(Dataset excerpts)
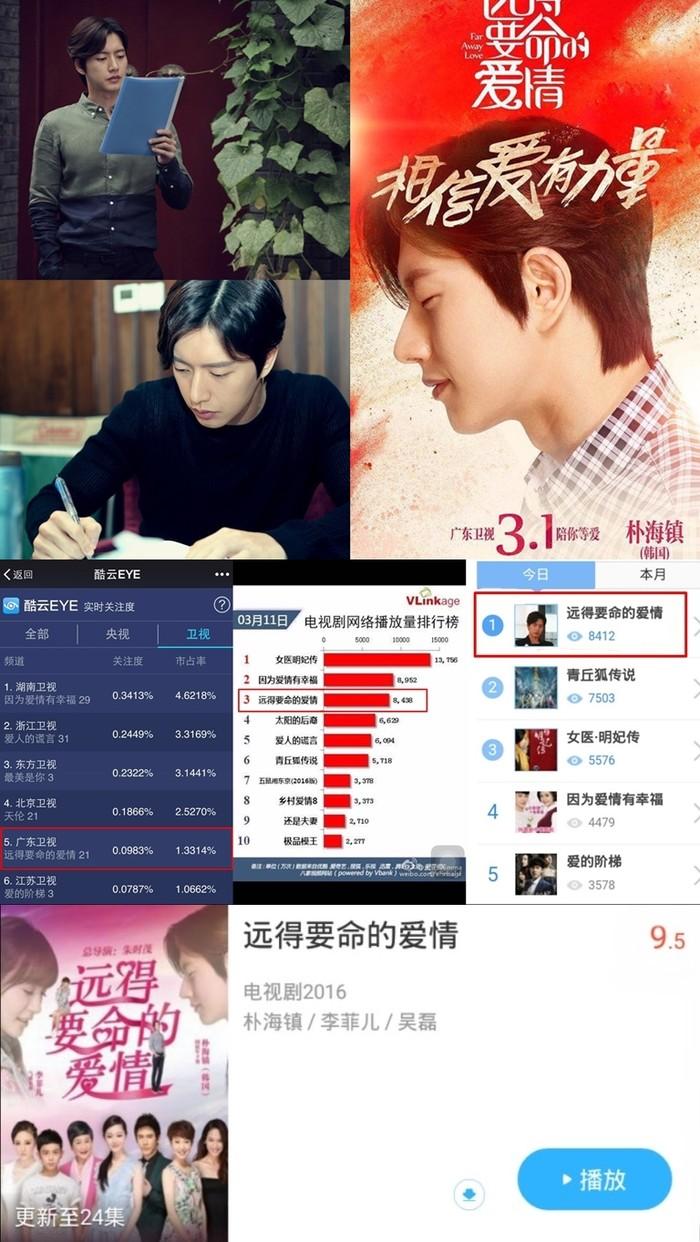 박해진이 출연한 중국드라마 '멀리 떨어진 사랑'은 지난해 3월 1일 광동위성과 동남위성에서 첫 방송된 후 식을줄 모르는 시청률 상승세를 보이며 중국 안방극장을 점령했다.
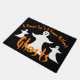 Un felpudo de Halloween con un trío de fantasmas que dice: Un hogar no es un hogar sin fantasmas.
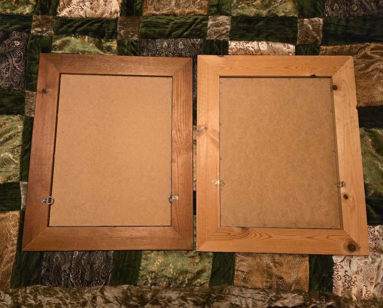 One on left 42cm w x 52 cm h, one on right 43cm w x 53 cm h. £8 each or £12 for the two. Collection only, thank you😊
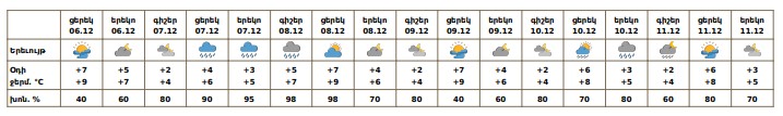 Դեկտեմբերի 6-ի ցերեկը, 7-ի գիշերը, 8-ի ցերեկը, 9-ին սպասվում է առանց տեղումների եղանակ։ Դեկտեմբերի 7-ի ցերեկը, 8-ին, 10-ի ցերեկը, 11-ի գիշերը սպասվում է անձրև։
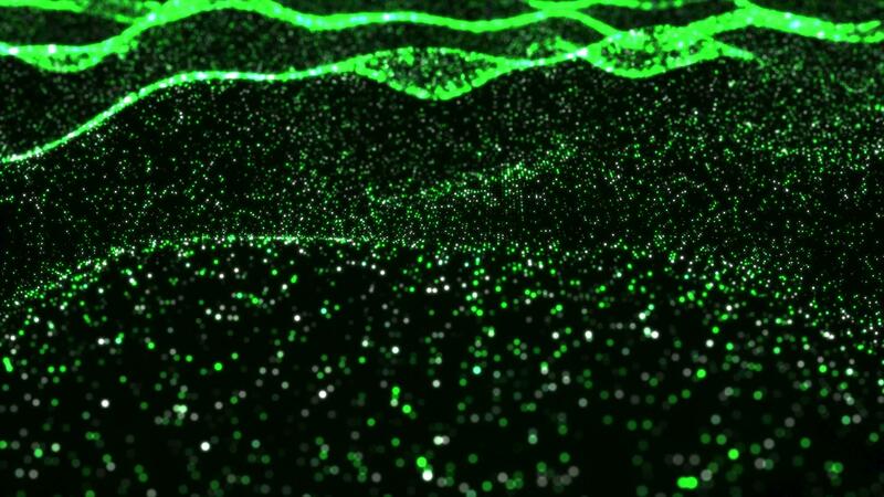 Green flowing moving on waved surface. Cyber sea waves floating dots background. Global network slow waving ocean concept backdrop. Abstract wavy data space creative motion design. Pro Video
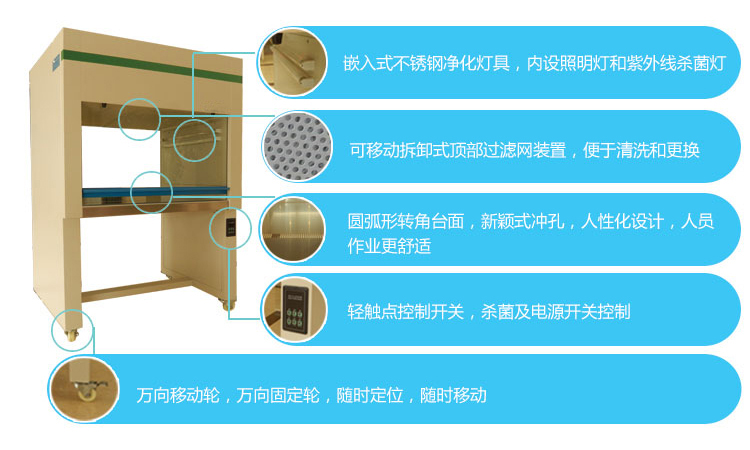 | 材質 | 箱體1.2mm軋鋼板烤漆,臺面SUS304 1.2mm厚度不銹鋼(可訂做全不銹鋼超凈臺) | ||||
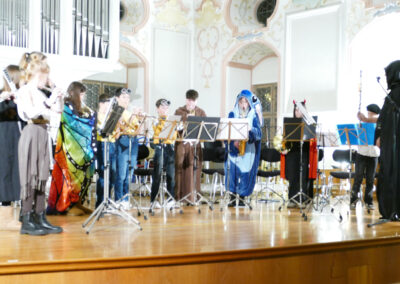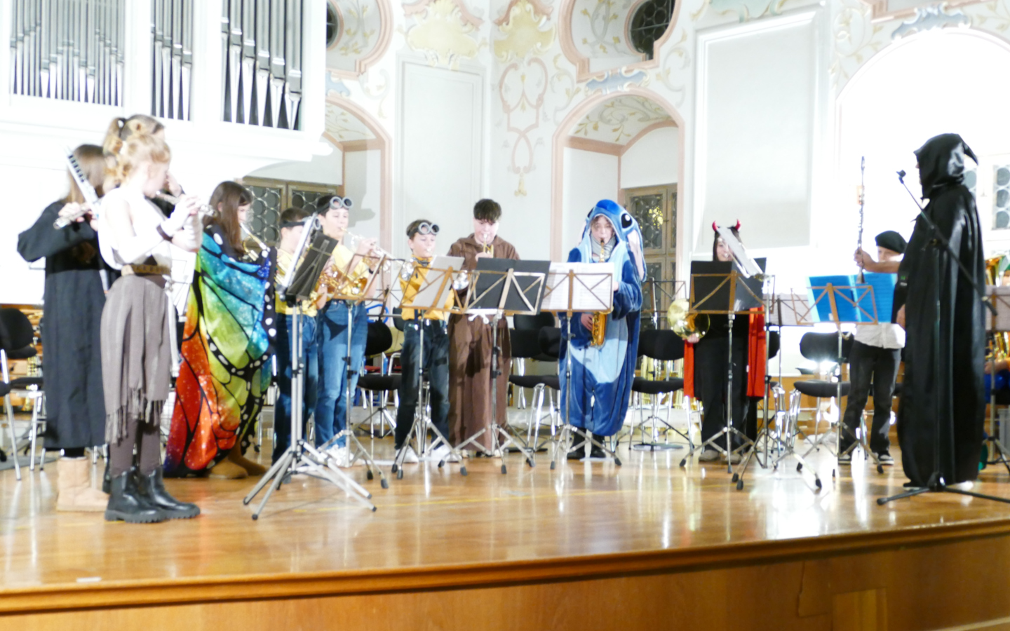 Am 11.02.2026 gestalteten die Ensembles Juniororchester Bläser, Bläsergruppe Kl. 8-13 und die Kumax Big Band ein unterhaltsames Faschingskonzert in der Großen Aula in lockerer Atmosphäre. Viele allgemein bekannte Hits, auch zum Mitsingen und Mitpfeifen, sorgten beim Publikum für beste Laune.
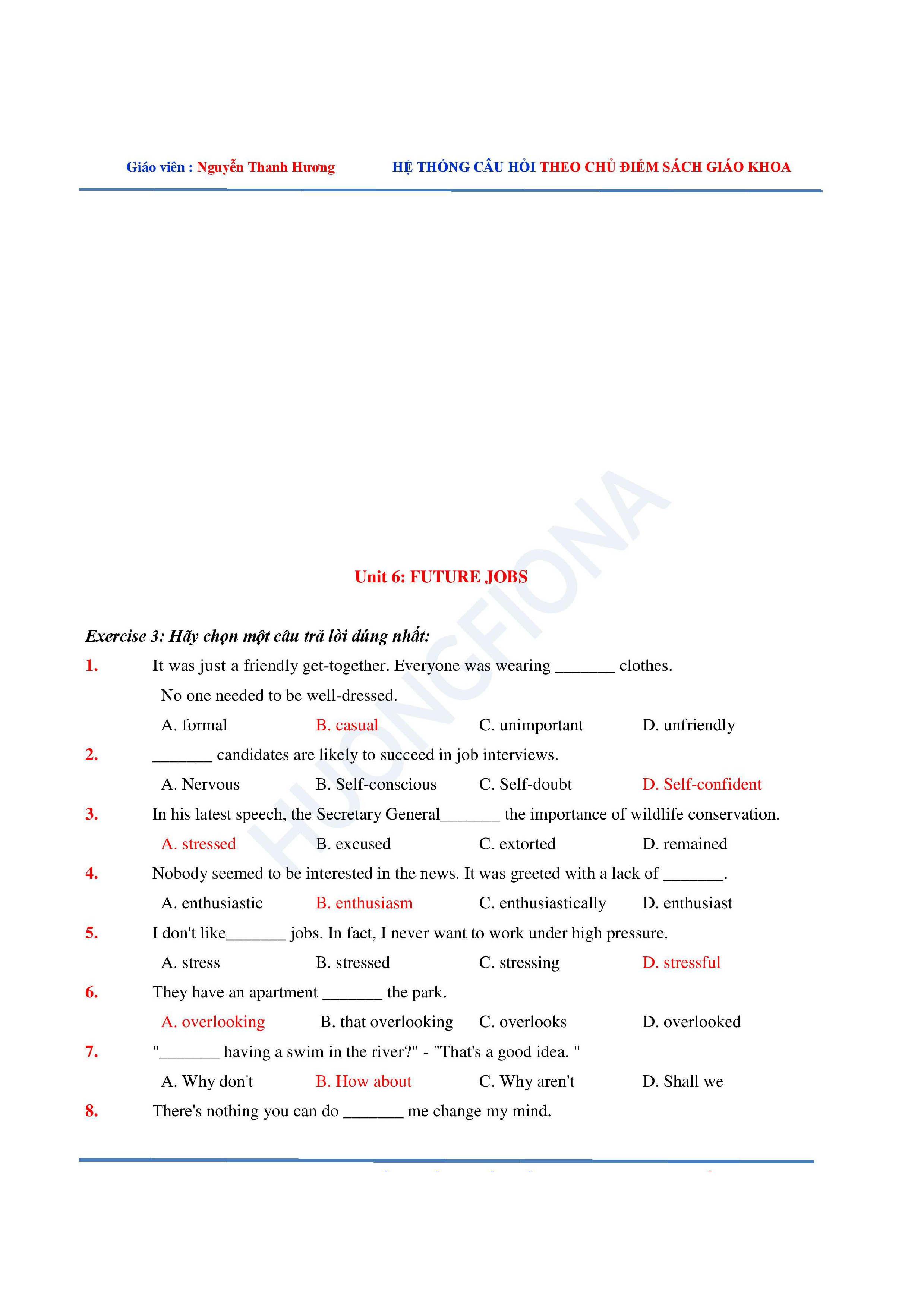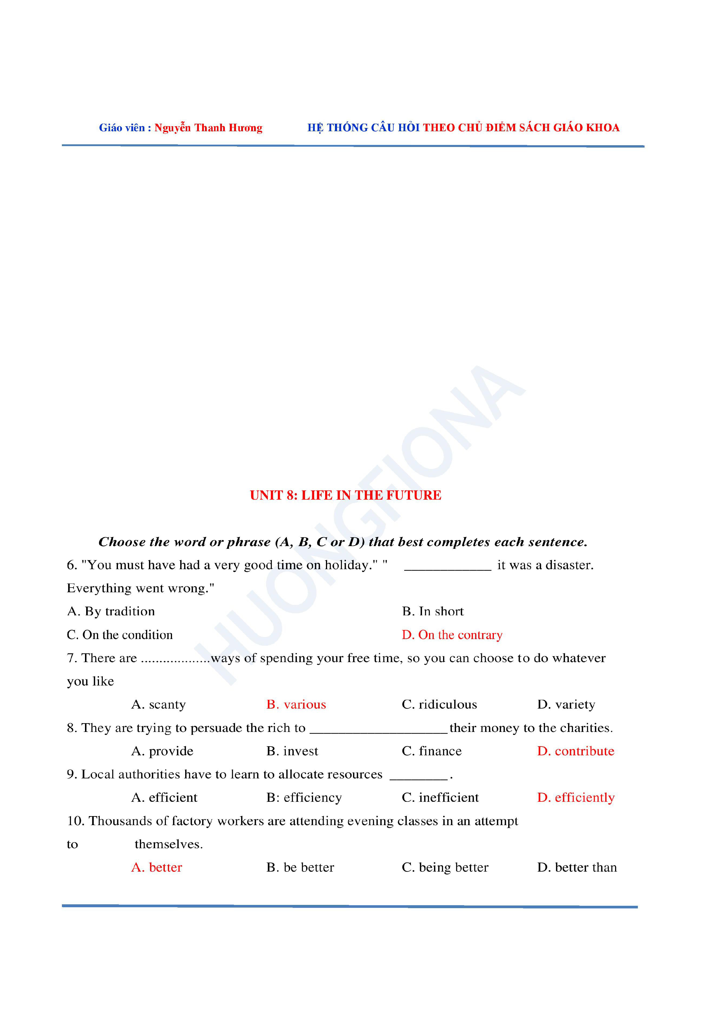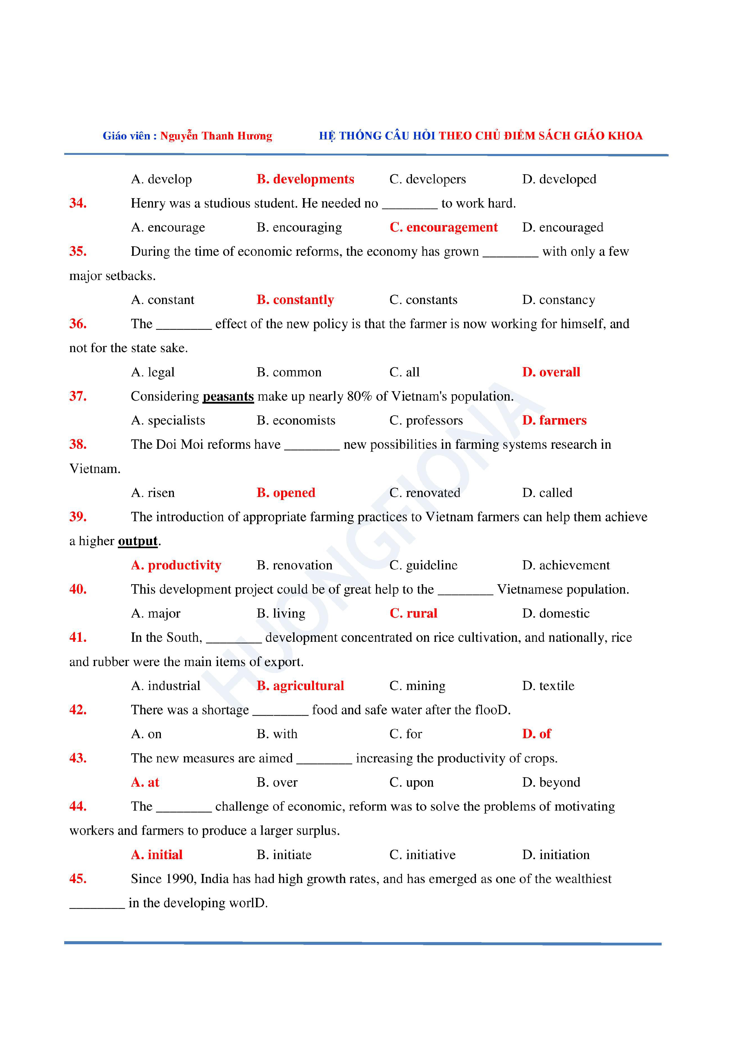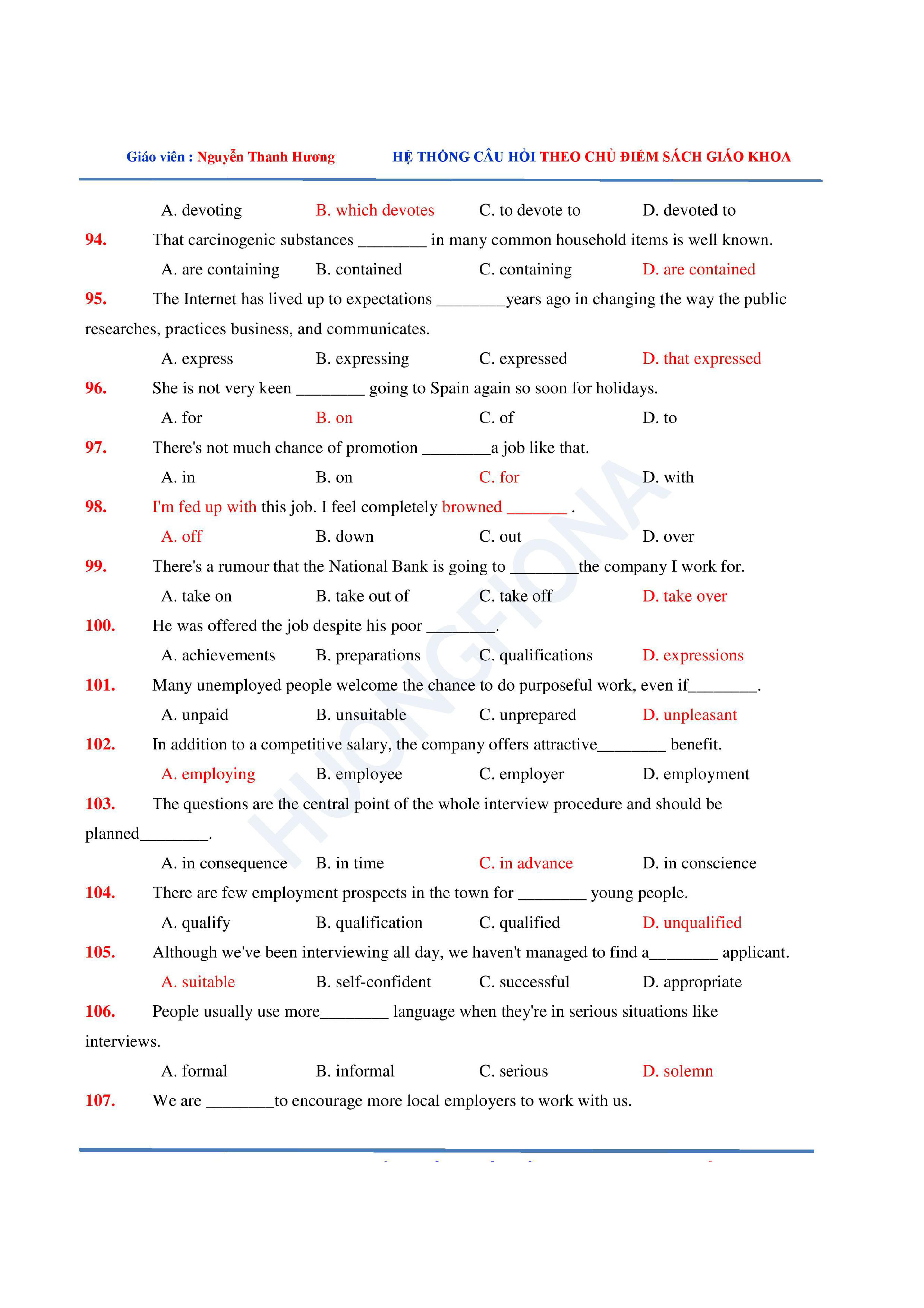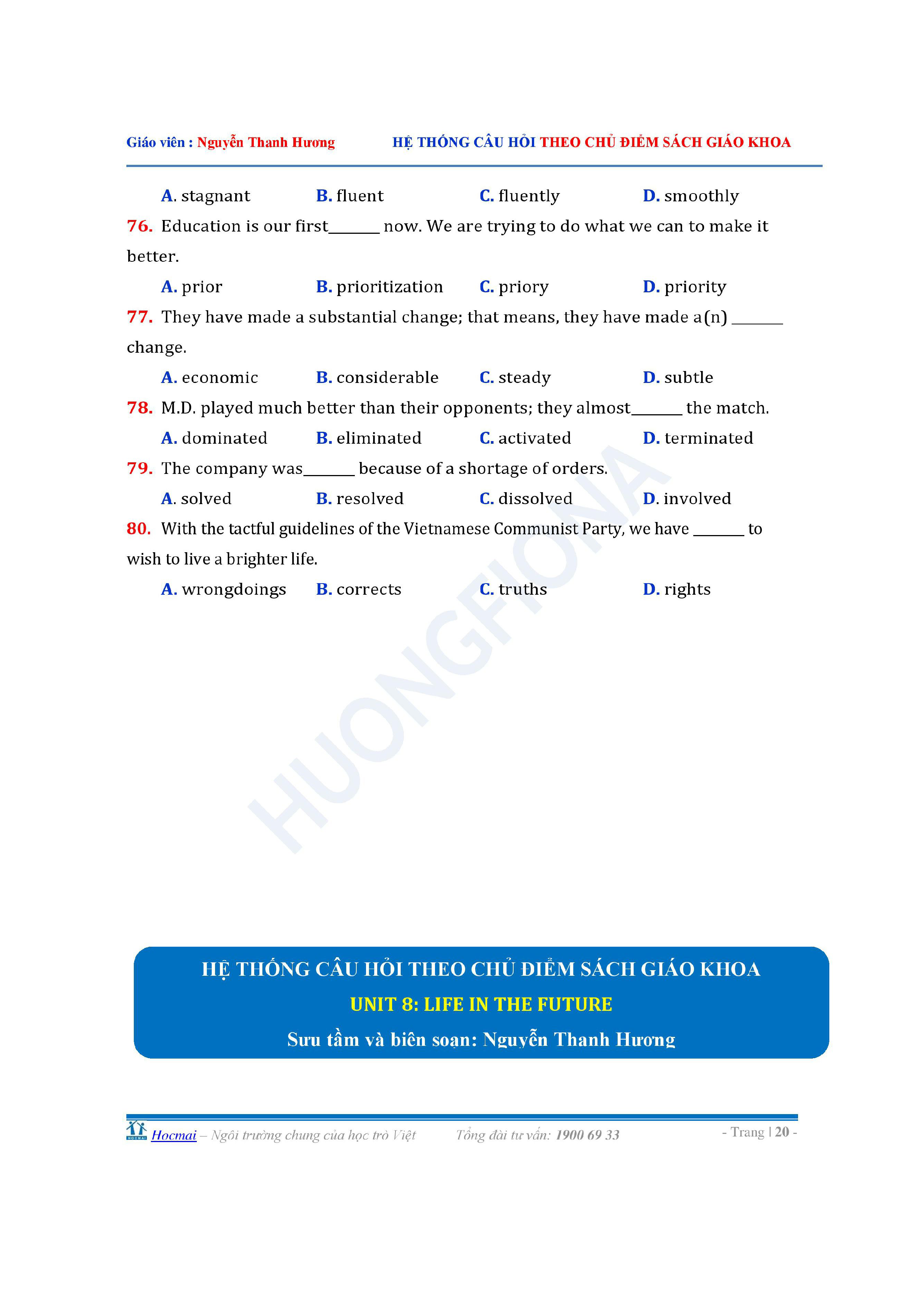 Câu hỏi trắc nghiệm Tiếng Anh theo từng chủ điểm (phần 2)

# [Work task]
Begin with the line that contains "Am 11.02.2026 gestalteten" and repeat every line through the end of the data, exactly and only those lines, leaving out the pictures.

# [Answer for the task]
 Am 11.02.2026 gestalteten die Ensembles Juniororchester Bläser, Bläsergruppe Kl. 8-13 und die Kumax Big Band ein unterhaltsames Faschingskonzert in der Großen Aula in lockerer Atmosphäre. Viele allgemein bekannte Hits, auch zum Mitsingen und Mitpfeifen, sorgten beim Publikum für beste Laune.
 Câu hỏi trắc nghiệm Tiếng Anh theo từng chủ điểm (phần 2)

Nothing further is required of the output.